Instructions for the task: Copy nothing but the lines below, from the one with "İmamoğlu, tek cümlelik" through the one with "이처럼 범법 행위로 당선무효나", exactly as written; no pictures should appear.

Records shown:
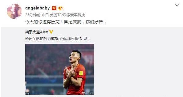 此前于大宝曾做客某足球节目表示过自己最喜欢的艺人就是Angelababy(杨颖)。
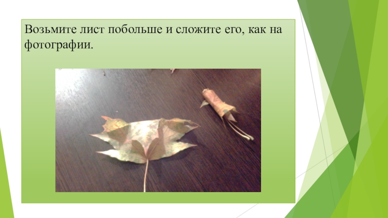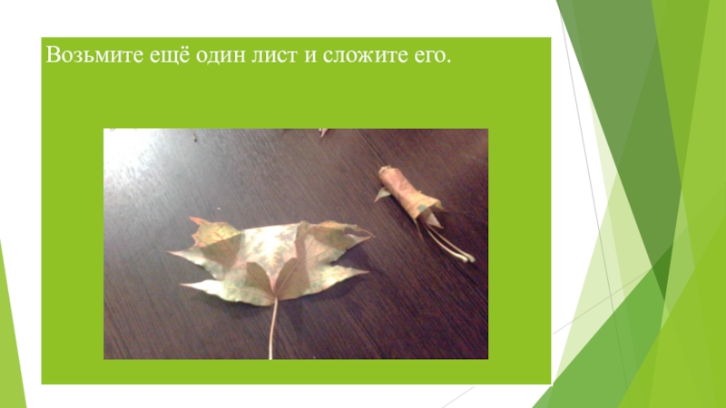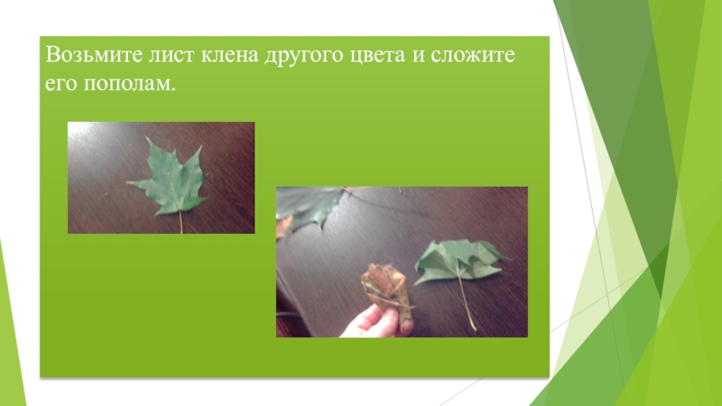 Слайд 14Возьмите лист клена другого цвета и сложите его пополам.
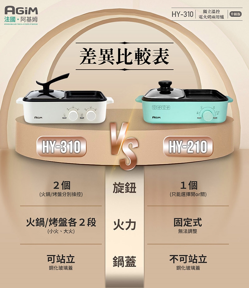 ● 火鍋+烤盤獨立溫控,雙旋鈕分區加熱
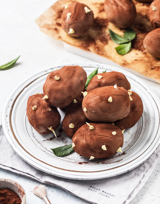 2. Достаньте из морозилки заготовки, нанизывайте на деревянную шпажку и окунайте в глазурь. Излишки стряхивайте и выкладывайте готовые картошки обратно на доску.
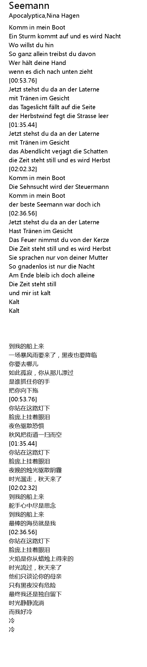| [01:36.28] | Jetzt stehst du da an der Laterne |
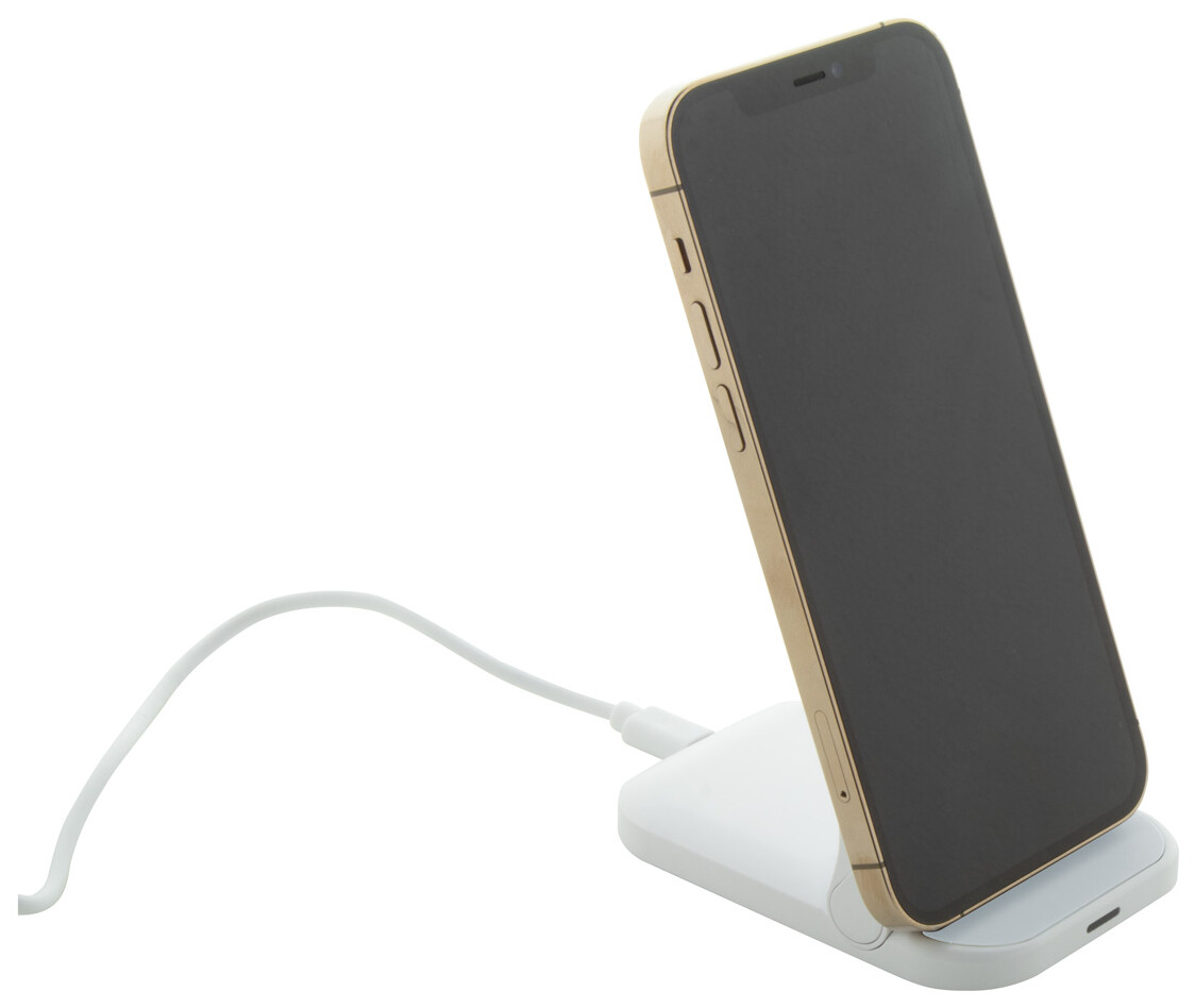 Skládací, nastavitelný stojánek na mobil z recyklovaného ABS plastu, se zabudovanou bezdrátovou rychlonabíječkou (15W). Včetně USB nabíjecího kabelu.
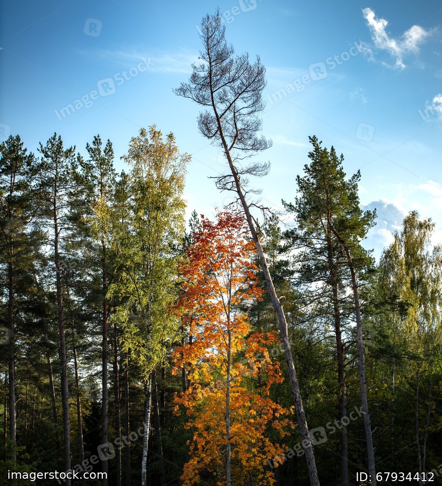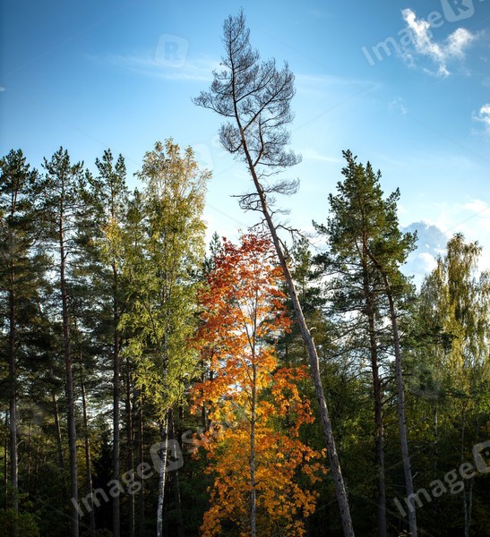 Trees in autumn forest. Sunny day. Beautiful nature.
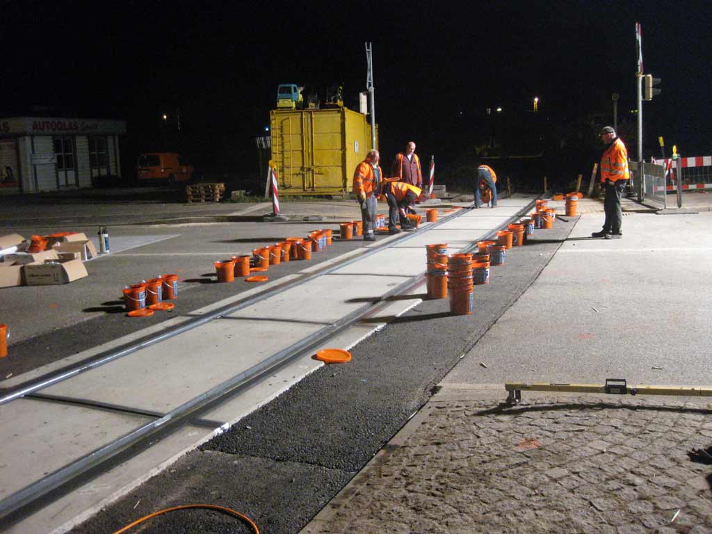 Herstellung eines 34m langen edilon)(sedra Bahnübergangs einschließlich begleitendem Gleis- und Straßenbau auf einer der meistbefahrenen Straßen Kiels mit aufwendiger Verkehrssicherung und Einbau in Abschnitten mit eng gesteckten Zeitvorgaben.
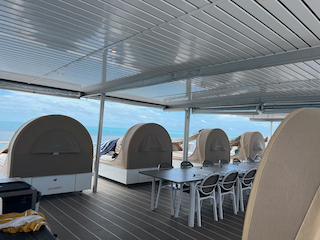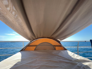 Jeden pár, který byl na svatební cestě, měl “Reefsuite”, takže spal v podpalubí v prosklené kajutě.
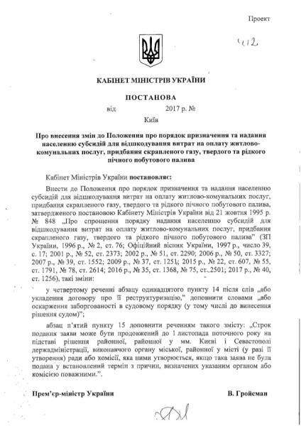 Кабінет міністрів також дозволив перепризначати субсидії на новий опалювальний сезон громадянам, які мають заборгованість за два і більше місяців в оплаті житлово-комунальних послуг, але не визнають її і звернулися до суду, до моменту вирішення питань у суді.
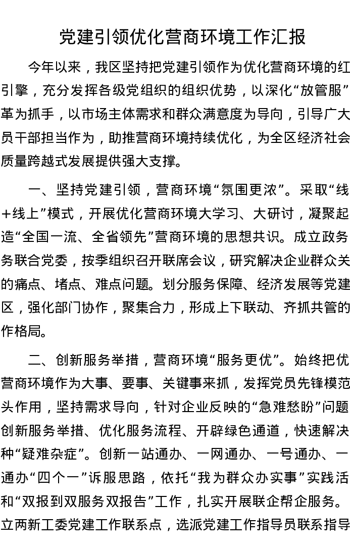 党建引领优化营商环境工作汇报
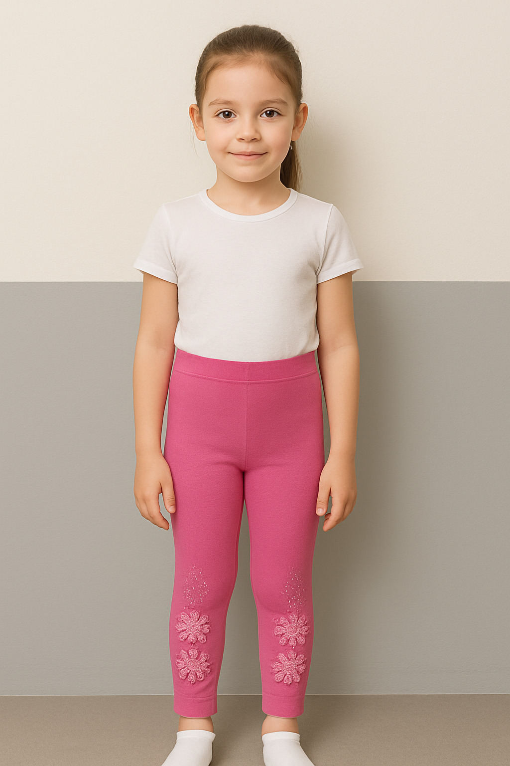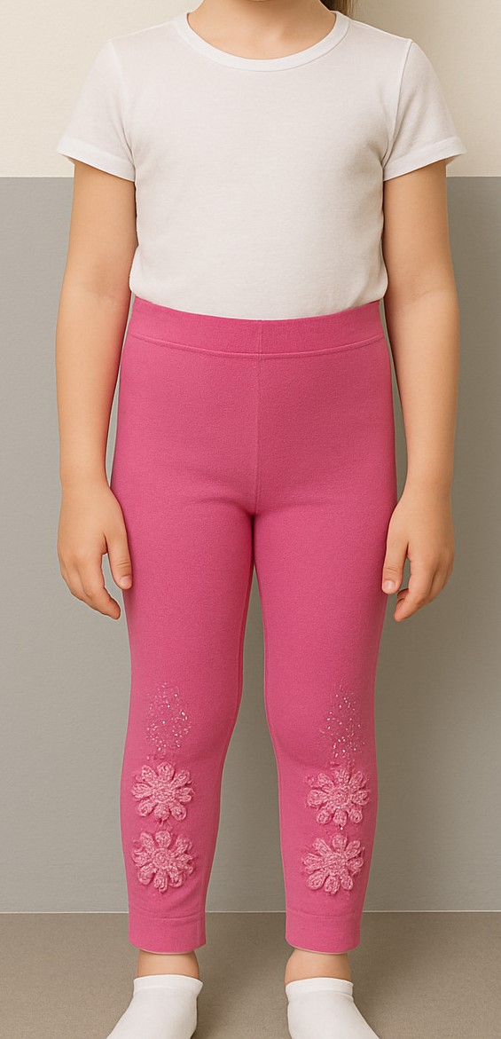 Add charm to your little one’s wardrobe with these stylish pink churidar leggings. Designed in a comfortable stretch fabric, these leggings feature a full elastic waistband for a snug fit. The front lower legs are beautifully adorned with pink floral embroidery and scattered bead embellishments, adding a touch of sparkle. The soft texture and tapered fit make them ideal for casual wear, playdates, or festive occasions. Pair them effortlessly with tunics or tees for a cheerful, comfy look.
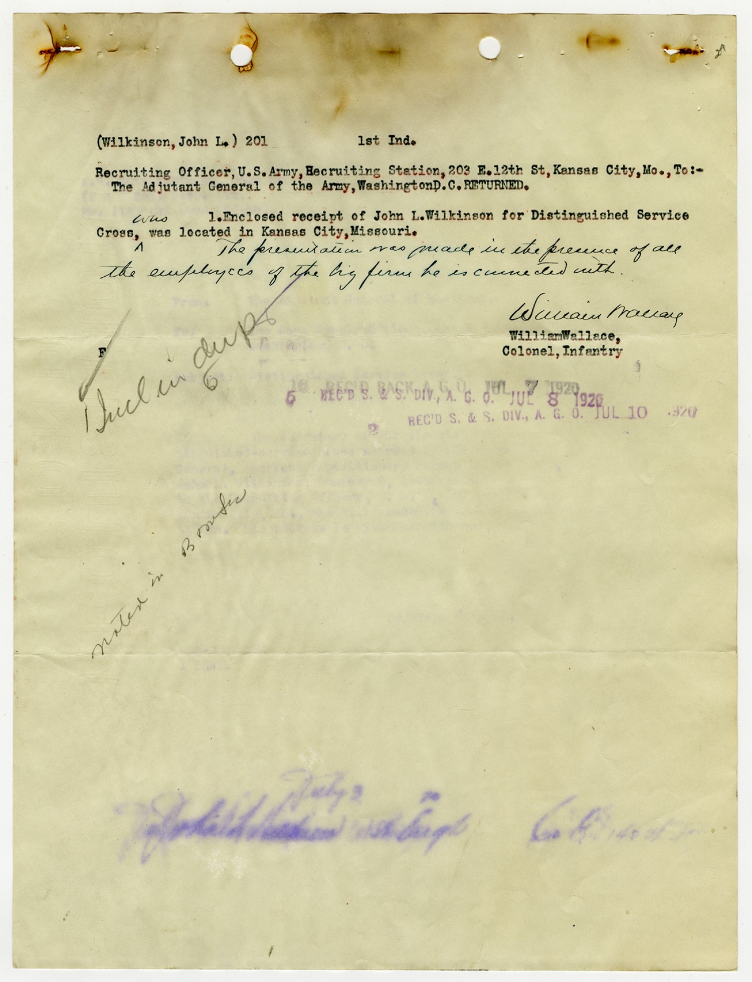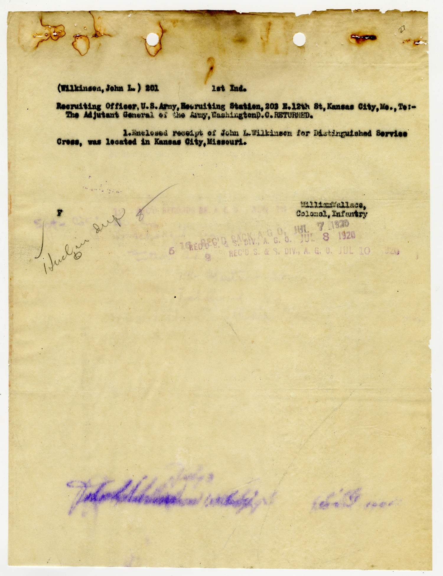 William Wallace 1st Indorsement for John Wilkinson - July 8, 1920
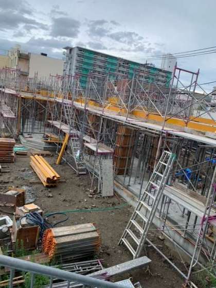 最近の雨が続いている関係で、工事のコンクリート作業が計画通りには実施できていません。が、少しずつ一つずつ「かたち」が見えてきました。
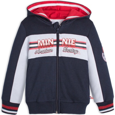 Dívčí mikina s oblíbenou myškou Minnie. Kapuce podšitá bavlněným úpletem, zapínání na zip, nášivka na rameni a na boku, třpytivý potisk. Teplákovina z rubu bez chloupku.
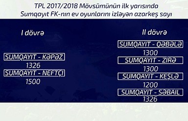 "Sumqayıt" bütün azarkeşlərə ilk iki dövrə ərzində komandanı tək buraxmadıqları üçün təşəkkür edib. "Kapital Bank Arena"da keçirilmiş 6 oyun üçün azarkeş sayı aşağıdakı kimidi:
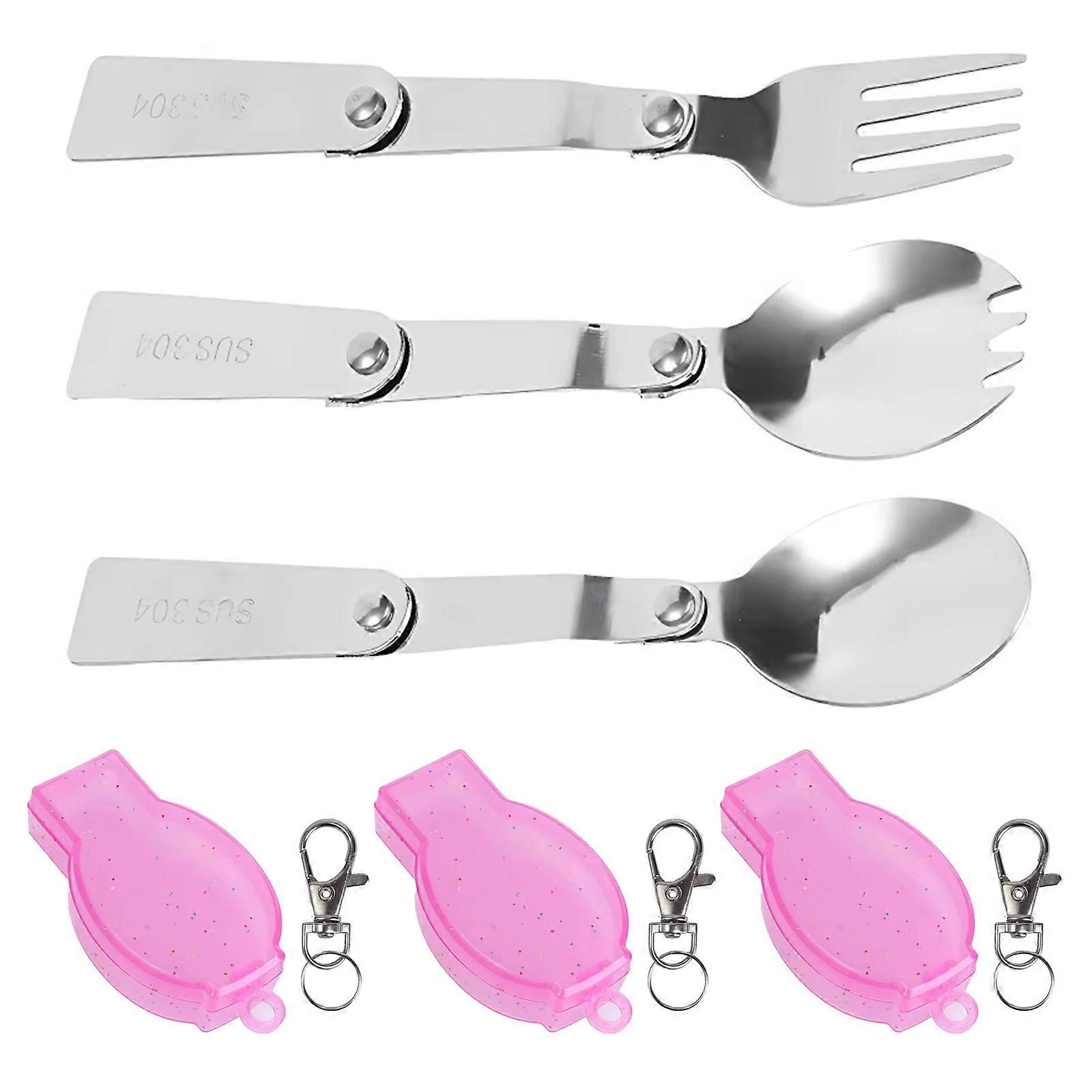 Reusables Camping Tableware Set Folding Stainless Steel Utensils for Traveler and for Picnics Backpacking Multicolor
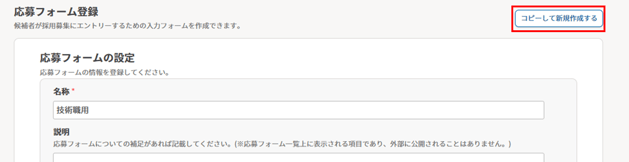 応募フォーム詳細画面右上の〔コピーして新規作成する〕をクリックします。
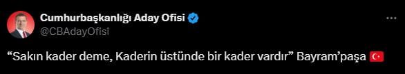 İmamoğlu, tek cümlelik paylaşımında, AKP Genel Başkanı ve Cumhurbaşkanı Recep Tayyip Erdoğan’ın geçmişteki seçim süreçlerinde sıkılıkla kullandığı “Sakın mukadderat deme, Mukadderatın üstünde bir mukadderat vardır” tabirini kullandı.
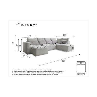 Homely Tommy je pohovka od značky Miuform, která zaujme zejména dvojitými polštáři. Ty dokážou v mžiku změnit hloubku sedu - z 57 na 73 cm, pro pohodlné posezení osob s různou výškou.
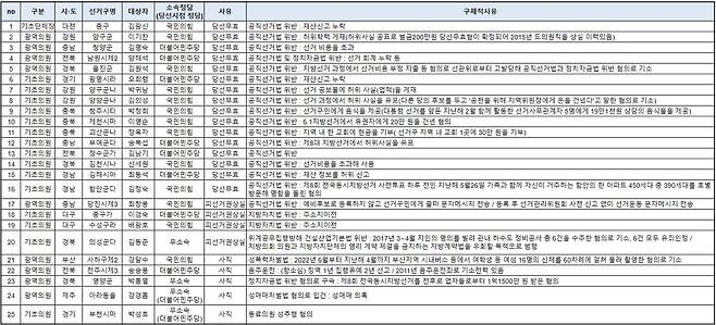 이처럼 범법 행위로 당선무효나 피선거권이 박탈되거나 사퇴한 이들은 기초의원이 15명, 광역의원 9명, 기초단체장 1명으로 기초의회 수준에서 문제가 더욱 심각한 것으로 나타났다. 당선시점의 정당은 국민의 힘이 13명, 더불어민주당 10명으로 정당별로 큰 차이는 없지만, 당선 이전부터 이미 당선무효 전력이 있거나 전과기록이 있었던 경우도 있어 각 정당의 공천 검증 과정에서의 허점도 확인할 수 있다.
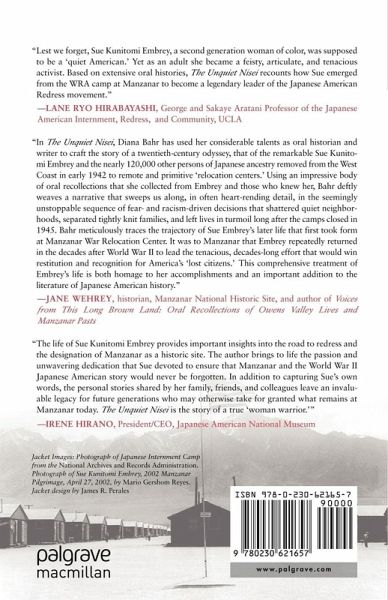 "Lest we forget, Sue Kunitomi Embrey, a second generation woman of color, was supposed to be a 'quiet American.' Yet as an adult she became a feisty, articulate, and tenacious activist. Based on extensive oral histories, The Unquiet Nisei recounts how Sue emerged from the WRA camp at Manzanar to become a legendary leader of the Japanese American Redress movement." - Lane Ryo Hirabayashi, George and Sakaye Aratani Professor of the Japanese American Internment, Redress,and Community, UCLA"In The Unquiet Nisei, Diana Bahr has used her considerable talents as oral historian and writer to craft the story of a twentieth-century odyssey, that of the remarkable Sue Kunitomi Embrey and the nearly 120,000 other persons of Japanese ancestry removed from the West Coast in early 1942 to remote and primitive 'relocation centers.' Using an impressive body of oral recollections that she collected from Embrey and those who knew her, Bahr deftly weaves a narrative that sweeps us along, in often heart-rending detail, in the seemingly unstoppable sequence of fear- and racism-driven decisions that shattered quiet neighborhoods, separated tightly knit families, and left lives in turmoil long after the camps closed in 1945. Bahr meticulously traces the trajectory of Sue Embrey's later life that first took form at Manzanar War Relocation Center. It was to Manzanar that Embrey repeatedly returned in the decades after World War II to lead the tenacious, decades-long effort that would win restitution and recognition for America's 'lost citizens.' This comprehensive treatment of Embrey's life is both homage to her accomplishments and an important addition to the literature of Japanese American history." - Jane Wehrey, historian, Manzanar National Historic Site, and author of Voices from This Long Brown Land: Oral Recollections of Owens Valley Lives and Manzanar Pasts"The life of Sue Kunitomi Embrey provides important insights into the road to redress and the designation of Manzanar as a historic site. The author brings to life the passion and unwavering dedication that Sue devoted to ensure that Manzanar and the World War II Japanese American story would never be forgotten. In addition to capturing Sue s own words, the personal stories shared by her family, friends, and colleagues leave an invaluable legacy for future generations who may otherwise take for granted what remains at Manzanar today. The Unquiet Nisei is the story of a true 'woman warrior.'" - Irene Hirano, President/CEO, Japanese American National Museum
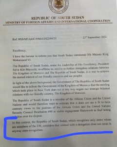 وزاد المصدر ذاته “تود حكومة جمهورية جنوب السودان إبلاغ حكومة المملكة المغربية بأن الاجتماع الذي عقد في نيويورك لا ينفي بأي حال من الأحوال علاقاتنا الثنائية الاستراتيجية مع بلدنا الصديق”.

Exercise output:
 İmamoğlu, tek cümlelik paylaşımında, AKP Genel Başkanı ve Cumhurbaşkanı Recep Tayyip Erdoğan’ın geçmişteki seçim süreçlerinde sıkılıkla kullandığı “Sakın mukadderat deme, Mukadderatın üstünde bir mukadderat vardır” tabirini kullandı.
 Homely Tommy je pohovka od značky Miuform, která zaujme zejména dvojitými polštáři. Ty dokážou v mžiku změnit hloubku sedu - z 57 na 73 cm, pro pohodlné posezení osob s různou výškou.
 이처럼 범법 행위로 당선무효나 피선거권이 박탈되거나 사퇴한 이들은 기초의원이 15명, 광역의원 9명, 기초단체장 1명으로 기초의회 수준에서 문제가 더욱 심각한 것으로 나타났다. 당선시점의 정당은 국민의 힘이 13명, 더불어민주당 10명으로 정당별로 큰 차이는 없지만, 당선 이전부터 이미 당선무효 전력이 있거나 전과기록이 있었던 경우도 있어 각 정당의 공천 검증 과정에서의 허점도 확인할 수 있다.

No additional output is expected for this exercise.